Task directions: Print only the lines from the top of the data through the line with "Stay2Weeks 赫本风气质双肩带丝绒A字连衣裙 21924", both included, skipping every picture.

Items listed in a dataset
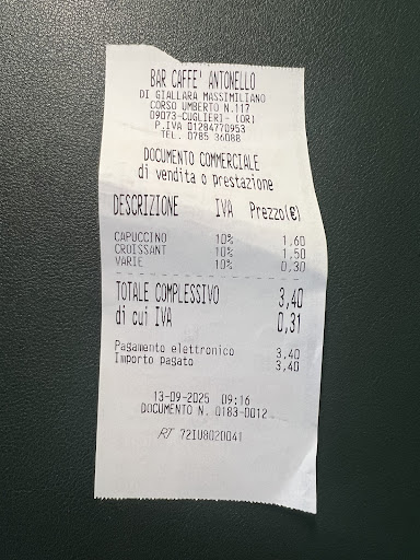 Read more5 stelle meritatissime, la scoperta di questo locale è stata una vera sorpresa, visto da fuori non sembra, ma è carinissimo, accogliente e pulito! Gentilezza sia del proprietario ( col quale abbiamo scambiato due chiacchiere) che del ragazzo al banco. Prodotti eccellenti. Io non amo i cornetti, ma giuro che questi erano magnifici e se non fosse che avevo cominciato con una conchiglia al cioccolato (croccante e divina come piace a me) avrei preso un altro cornetto. €12.10 2 spremute 2 caffè 2 cornetti 1 conchiglia al cioccolato Complimentissimi ! Ci torneremo...
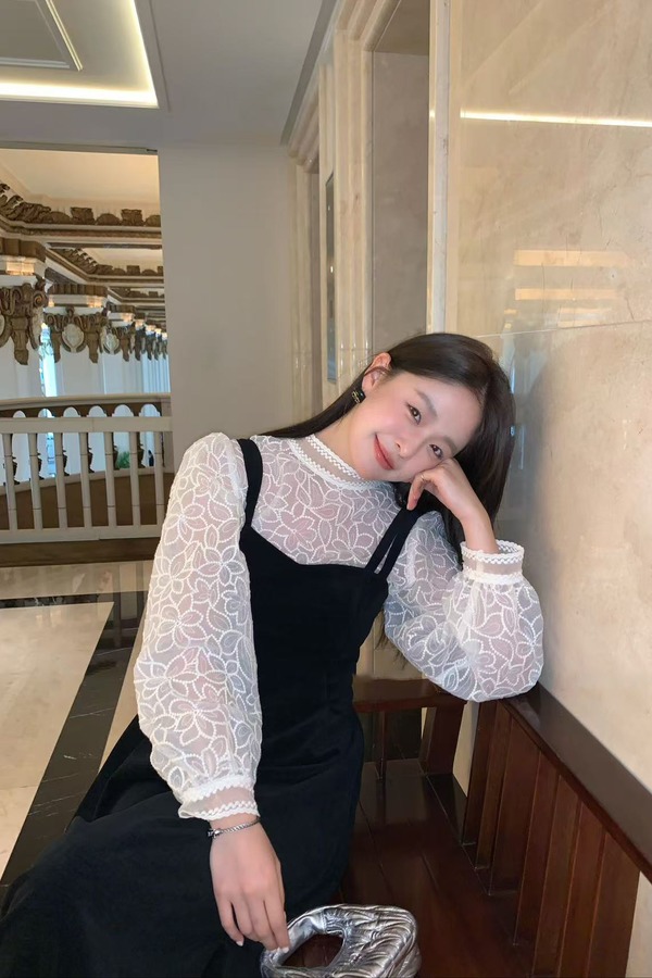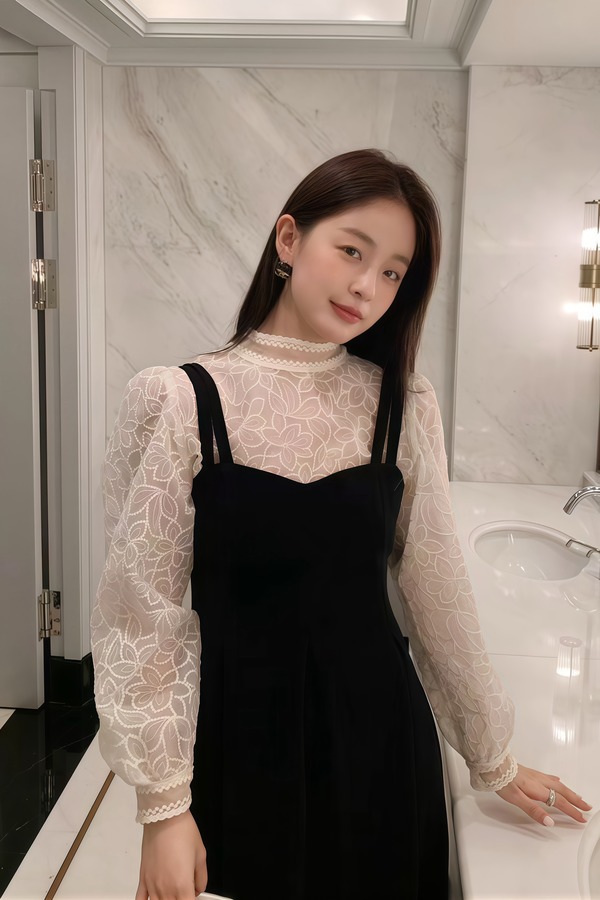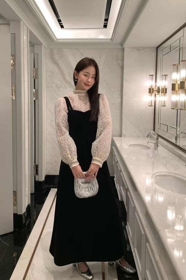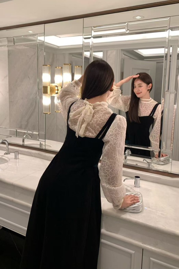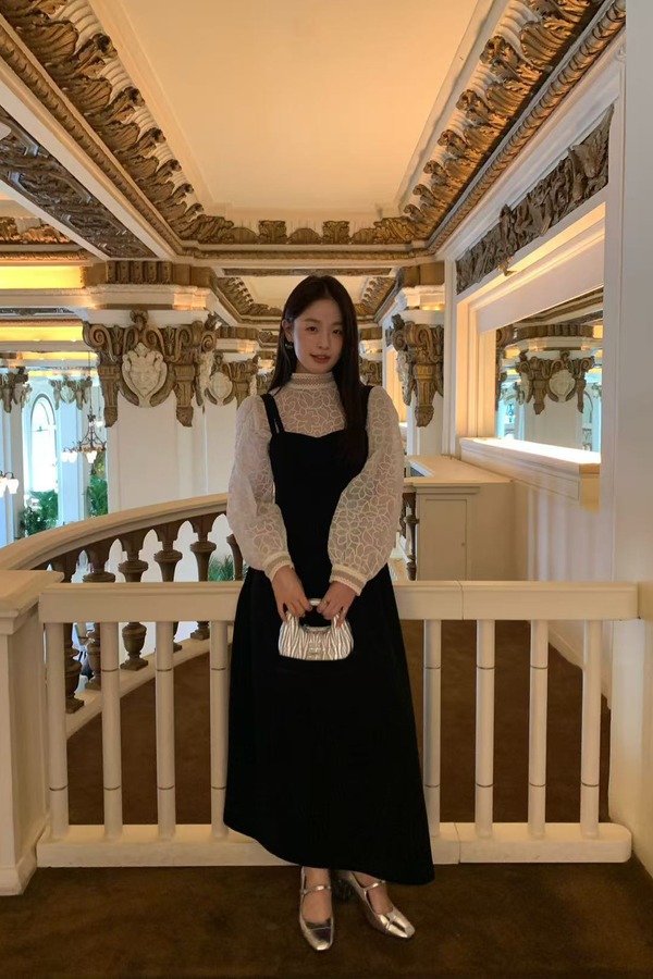 Stay2Weeks 赫本风气质双肩带丝绒A字连衣裙 21924
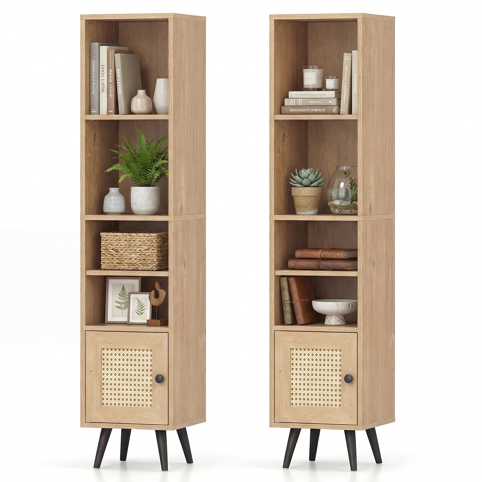 Gymax 2PCS 6-Tier Tall Narrow Bookcase w/Adjustable Shelf & Boho Style
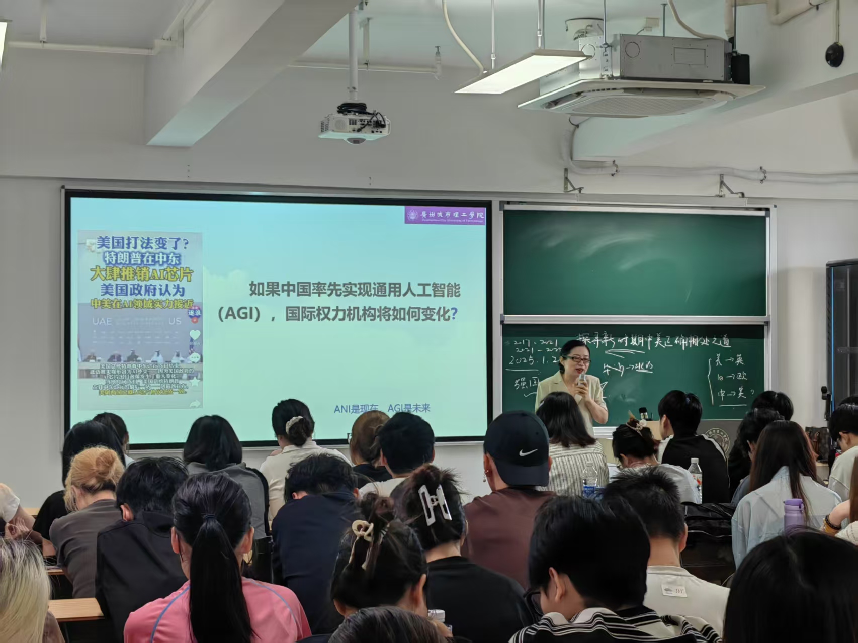 授课中,当阐释中美关系经历波折的根源时,邹春梅老师以美国政府今年五月在中东大肆推销AI芯片为例,请同学们小组探讨“如果中国率先实现通用人工智能(AGI),国际权力机构将如何变化”,以开放性话题激发学生的学习兴趣和探索欲望,引导大学生正确看待中美关系,进一步明确中美关系是世界上最重要的双边关系之一,中美如何相处,既关乎两国人民福祉,也关乎世界前途命运。
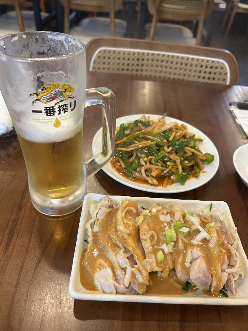 生ビール、棒棒鶏、青椒肉絲(辛口)
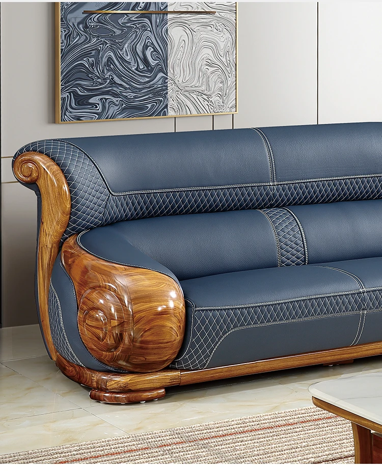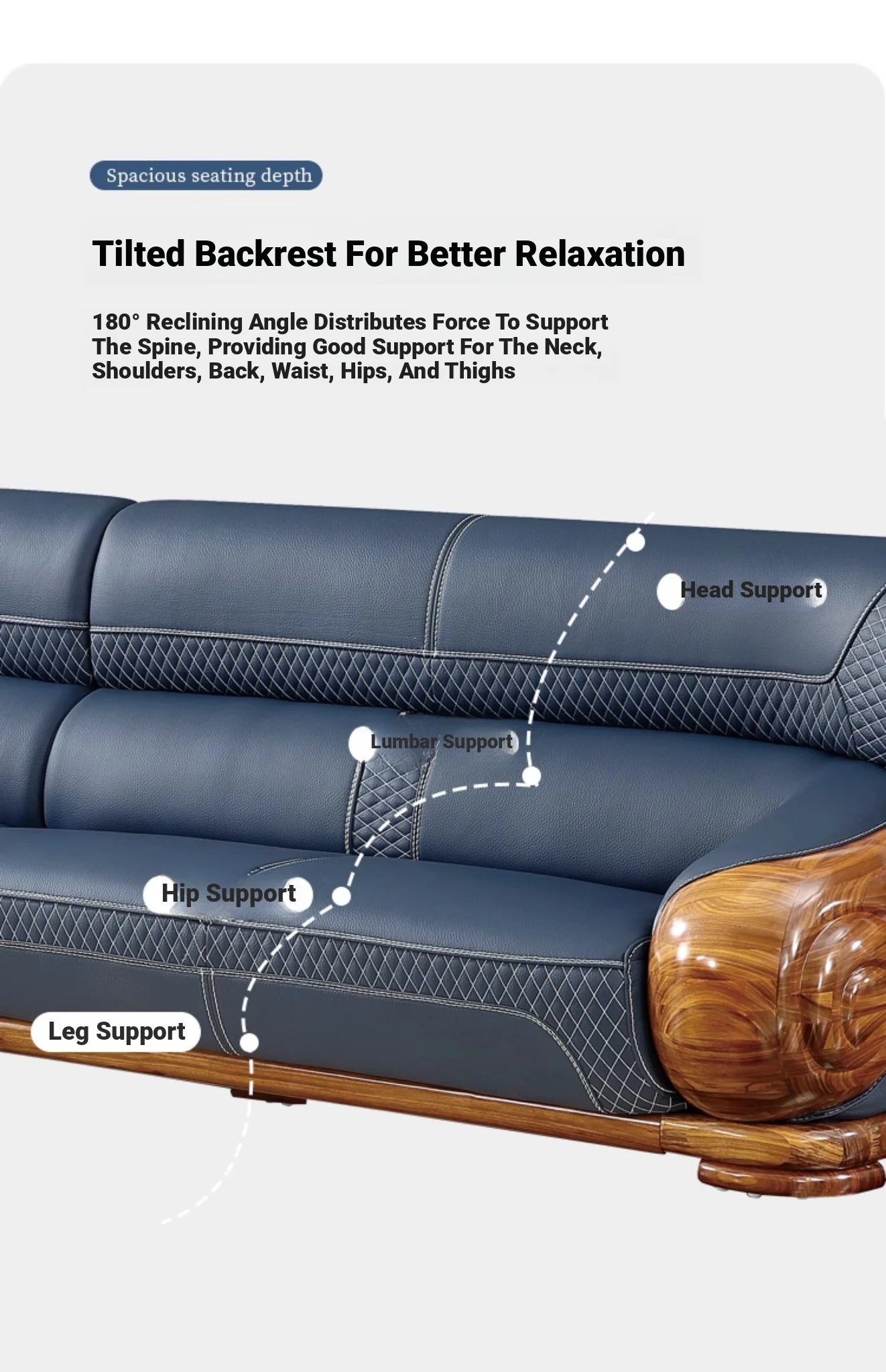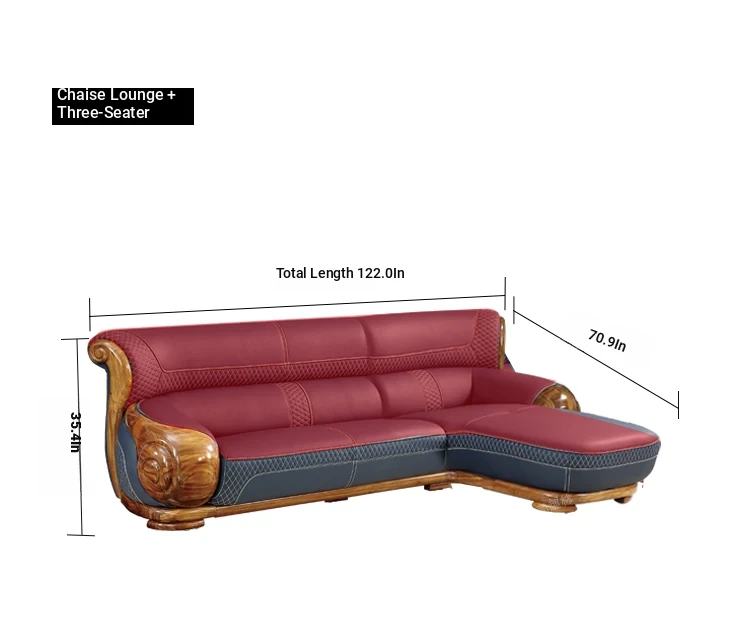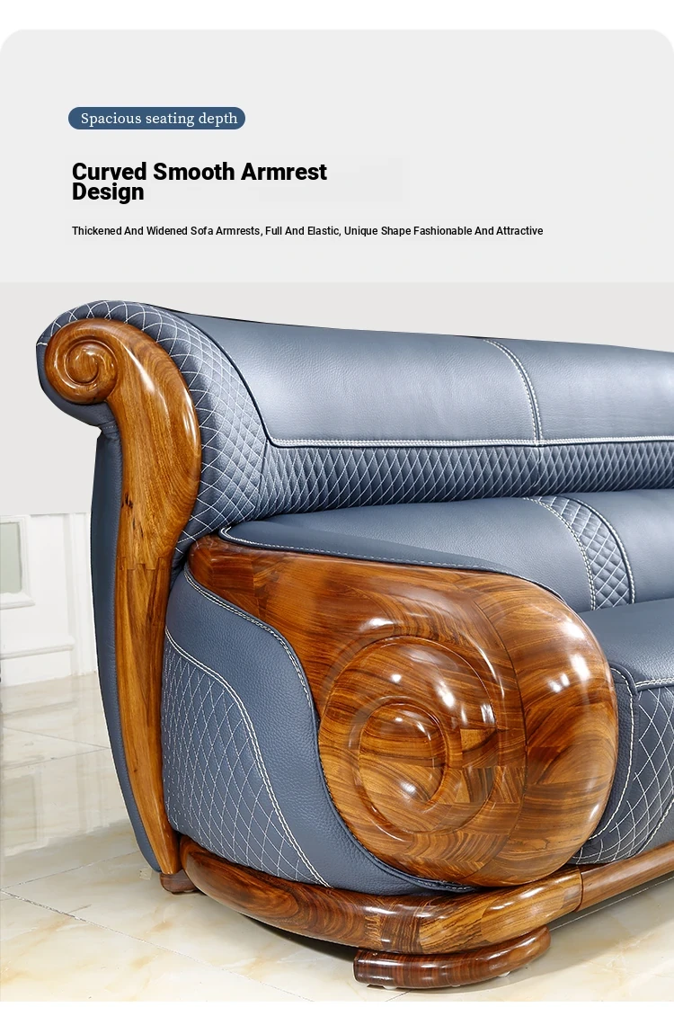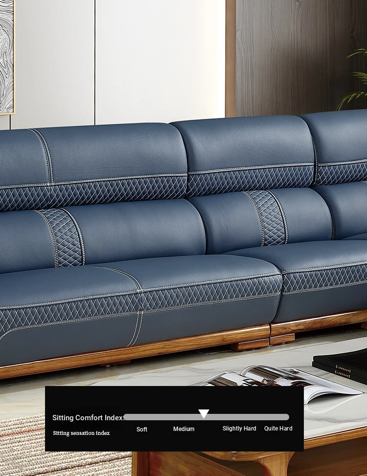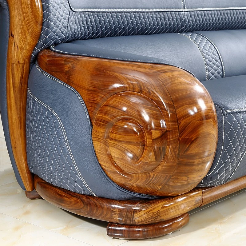 Luxury Modern Chinese Style Ukin Wood and Genuine Leather Corner Sofa - High-End Villa Living Room Couch with Top Layer Cowhide Shell Design
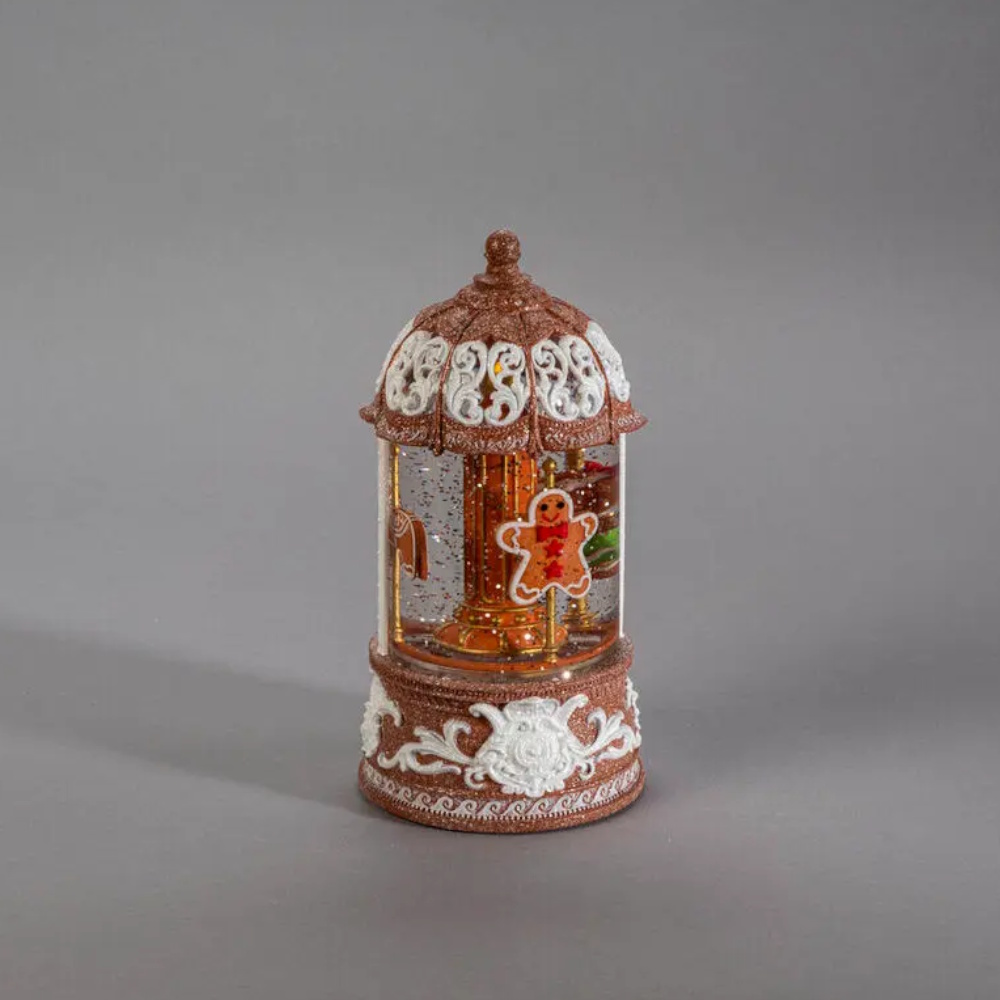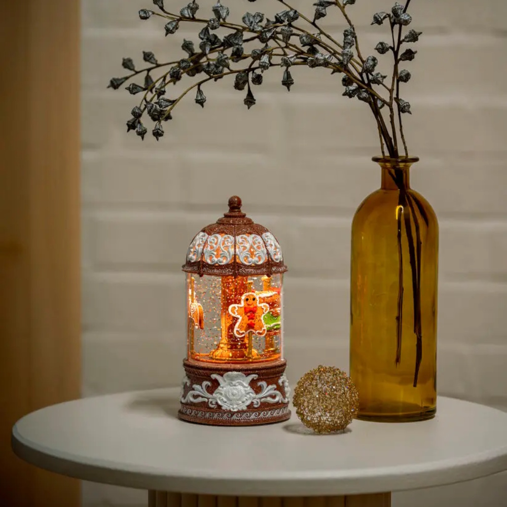 Peberkagehus med roterende karrusel. En vandfyldt snekugle med glade peberkagemænd og hvirvlende glimmer. Det varmhvide LED-lys oplyser huset og skaber en hyggelig julestemning. Perfekt i din julelandsby eller som bordpynt. Med en indbygget timerfunktion (5t) og mulighed for både batteri- og USB-drift er det nemt at sprede julemagi - dag efter dag.

Solution for this problem:
 Read more5 stelle meritatissime, la scoperta di questo locale è stata una vera sorpresa, visto da fuori non sembra, ma è carinissimo, accogliente e pulito! Gentilezza sia del proprietario ( col quale abbiamo scambiato due chiacchiere) che del ragazzo al banco. Prodotti eccellenti. Io non amo i cornetti, ma giuro che questi erano magnifici e se non fosse che avevo cominciato con una conchiglia al cioccolato (croccante e divina come piace a me) avrei preso un altro cornetto. €12.10 2 spremute 2 caffè 2 cornetti 1 conchiglia al cioccolato Complimentissimi ! Ci torneremo...
 Stay2Weeks 赫本风气质双肩带丝绒A字连衣裙 21924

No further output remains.